Ahmed Ansari | Decolonial Perspectives on Design Ethnography: Privileging Local Ontologies from the Global South
Virtual Lecture
Tuesday, September 29, 2020
This talk aims to introduce the audience to a perspective from cultural anthropology little known in design anthropology or ethnographic research in design: that of the recent 'ontological turn'. The discussion will begin around issues related to ethnographic 'shallowness' within the context of design research and will then move to what a turn to taking radical alterity and ontological\cosmological difference seriously might entail, with a focus on discussing reflexivity and getting to unquestioned assumptions that frame one’s research, and imagination and speculation both as research practice and the outcomes of design research. The talk will conclude with a reflection on why a shift towards local ontologies in design research is necessary for decolonization and the emergence of new, local design paradigms and ways of thinking technics in relation to culture.
Ahmed Ansari
Ahmed Ansari is an Industry Assistant Professor at New York University at the Integrated Digital Media program in the department of Technology, Culture & Society, where he teaches courses in interaction and systems design, design research, and design studies.
His research interests intersect between critical design studies and history, postcolonial and decolonial theory, and pre-colonial philosophy and history of design and technology in the Indian subcontinent.
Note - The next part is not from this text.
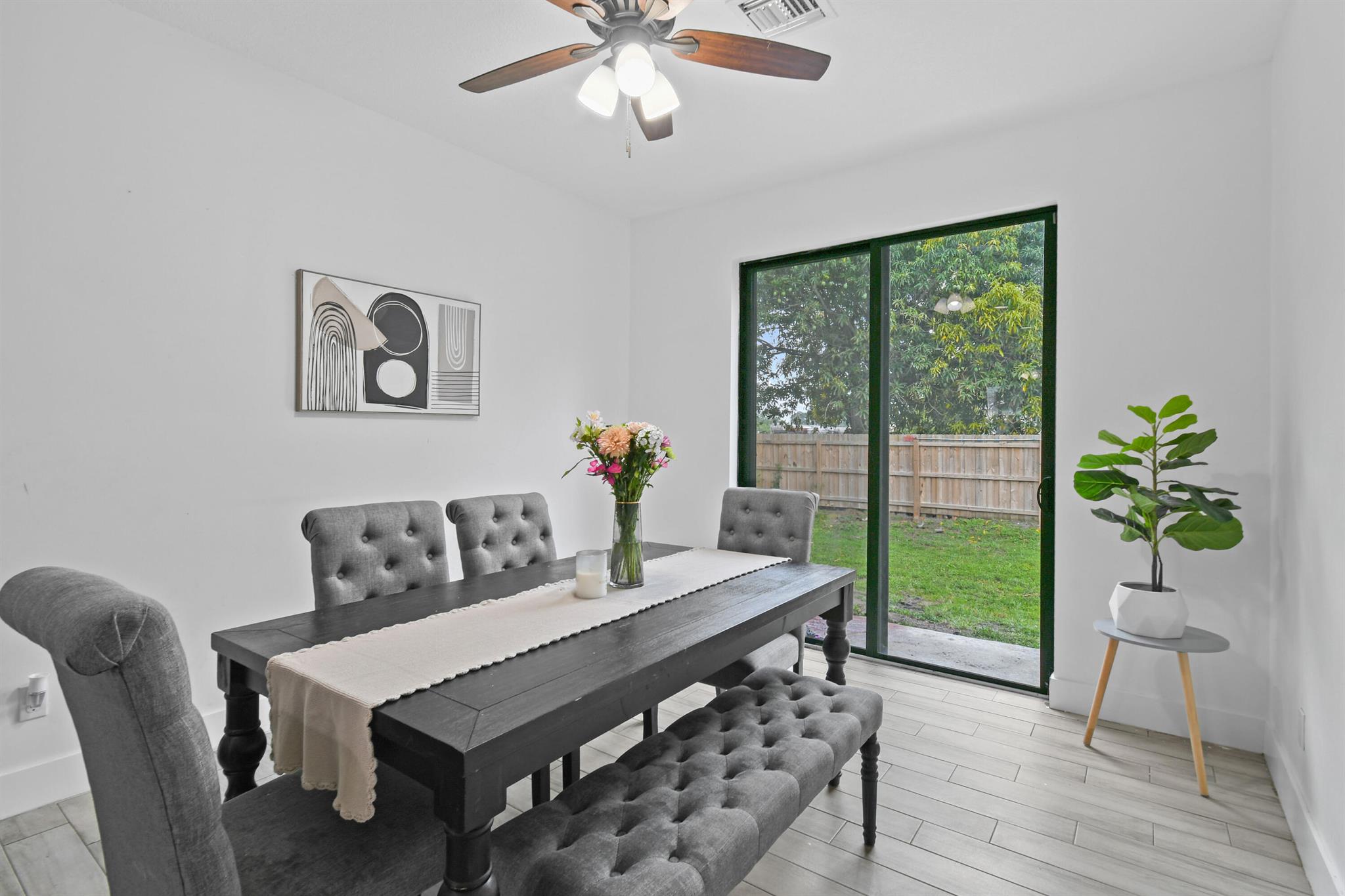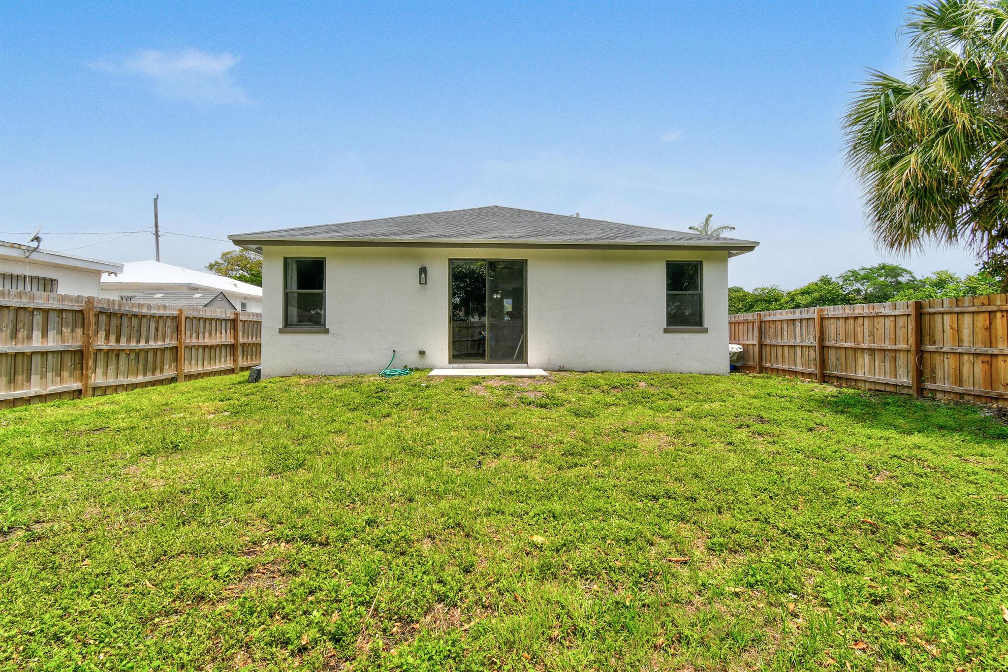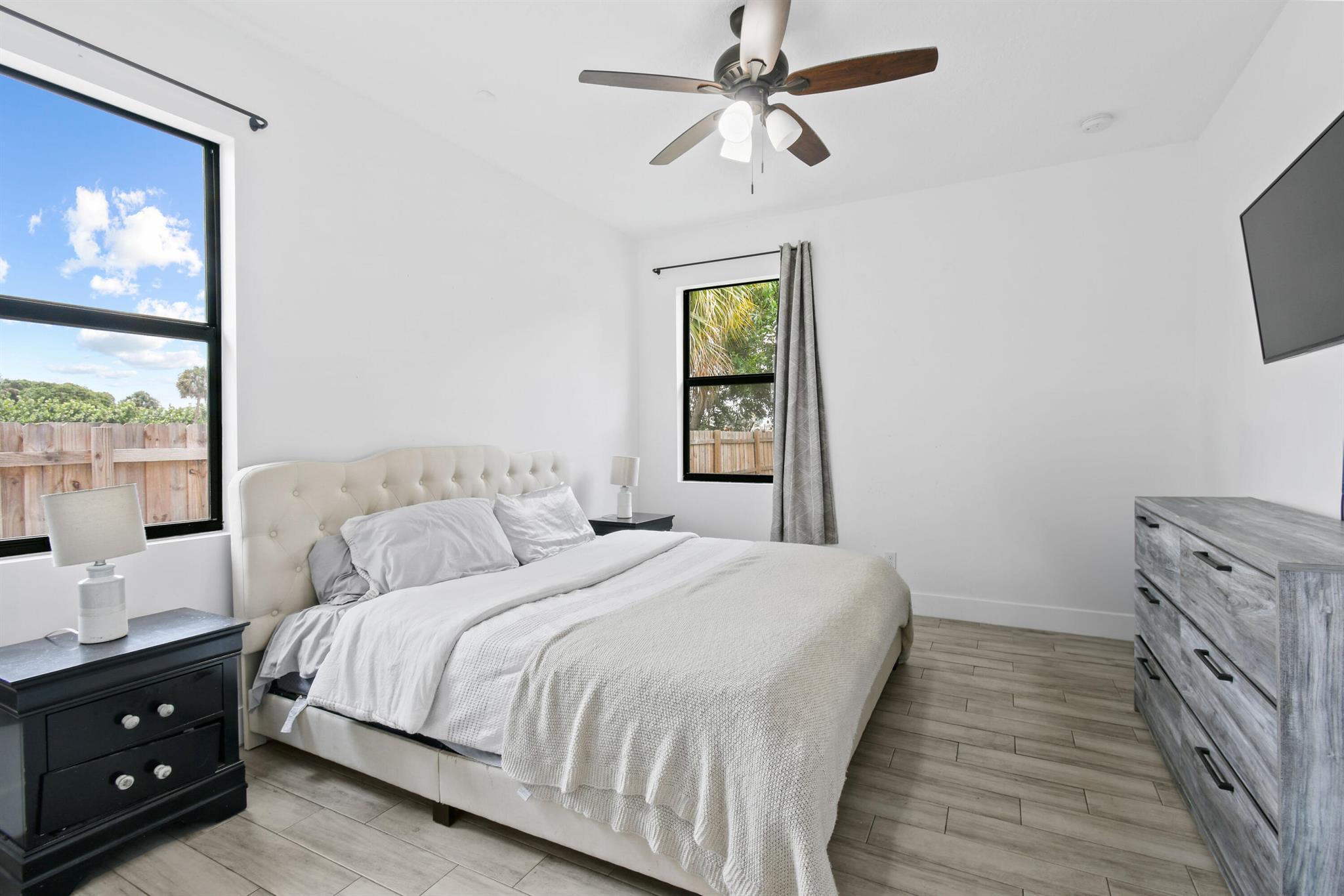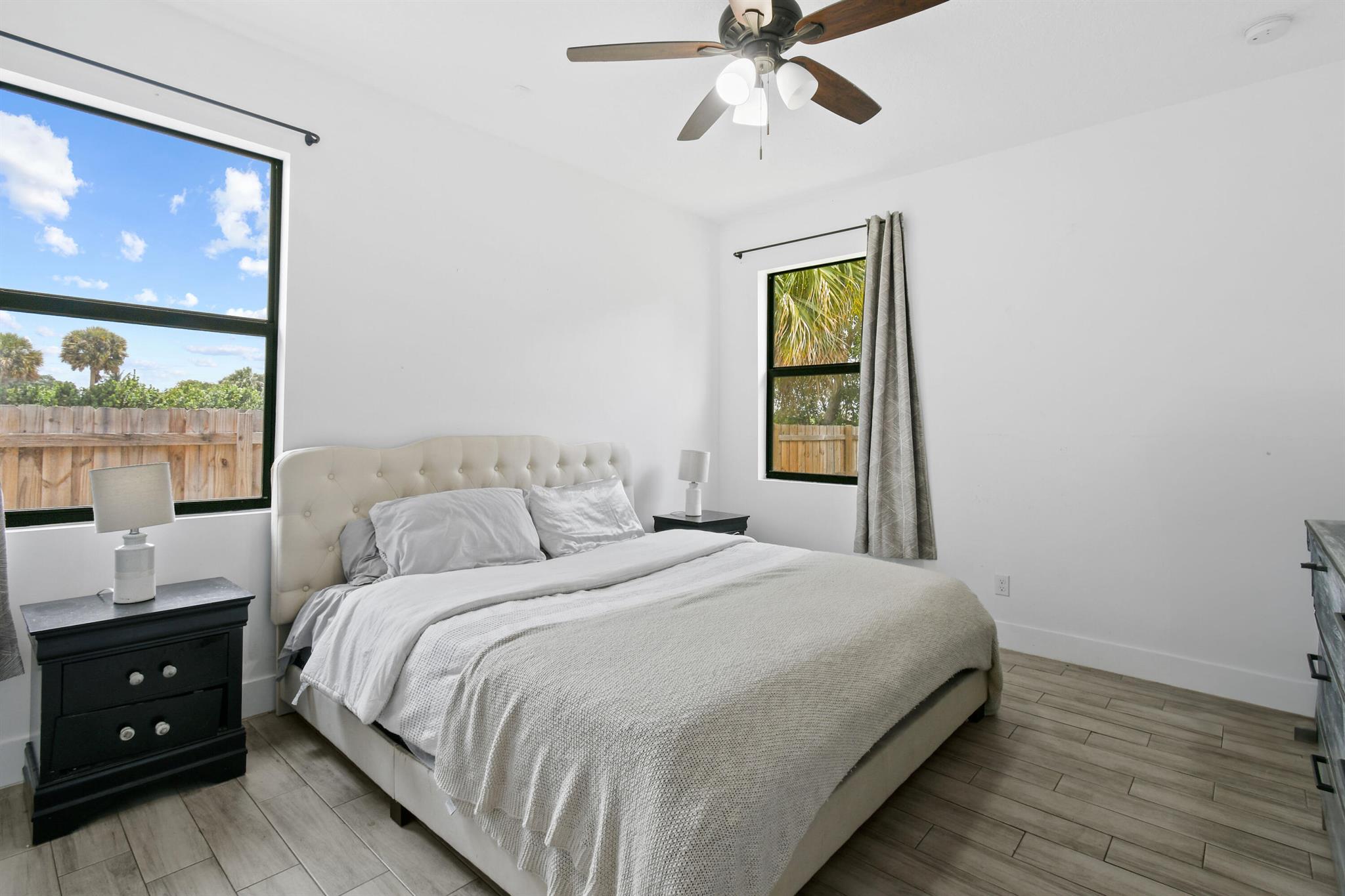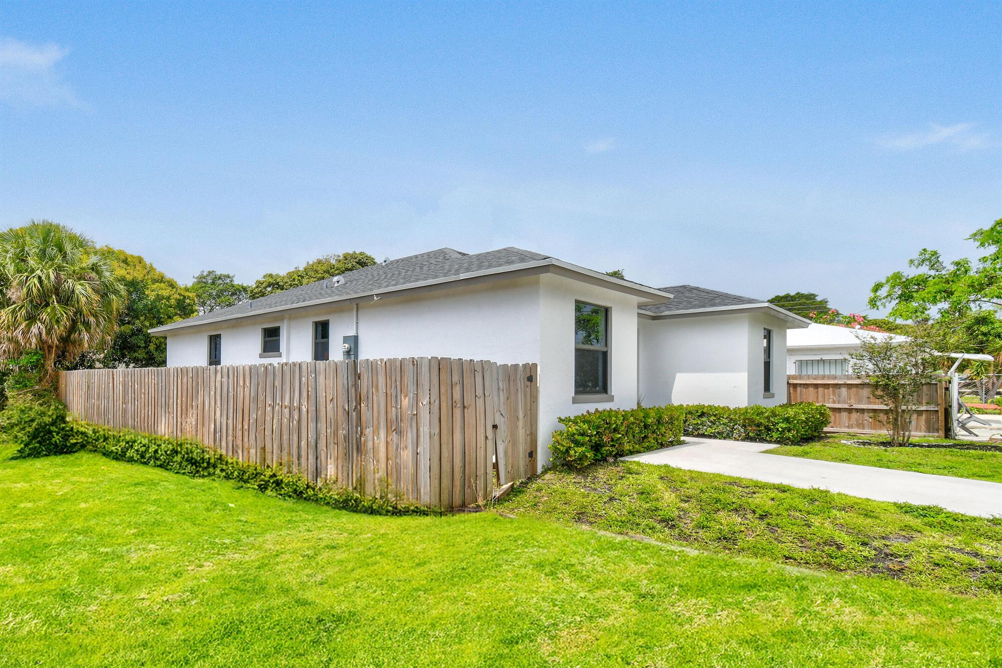 A RARE GEM built in 2022, this spacious house boasts 5 bedrooms and 2 baths. The modern kitchen in grey and white is a standout feature with quartz countertops and stainless-steel appliances. Open floor plan with living and dining area. Split floor plan ensuring privacy for all. Massive primary suite with lovely bathroom featuring dual sinks and shower. Beautiful wood tile flooring throughout. Dual sinks and tub in 2nd bathrooms. Large completely fenced in backyard. IMPACT WINDOWS , NO HOA. Conveniently located near, shops, restaurants, beaches, downtown West Palm Beach and I95. Don't miss out on this excellent opportunity whether you're looking for an investment property or long-term family residence this house has the potential to meet all your need.

He was a founding member of the Decolonising Design platform and the Architecture Design Research Lab in Karachi. He also does academic consulting focusing on curriculum development at the undergraduate level, and has helped design the curricula for the design programs at the Indus Valley School of Art and Architecture and Habib University in Karachi. In March 2020 he began running a weekly design discussion series that is free and open to the public.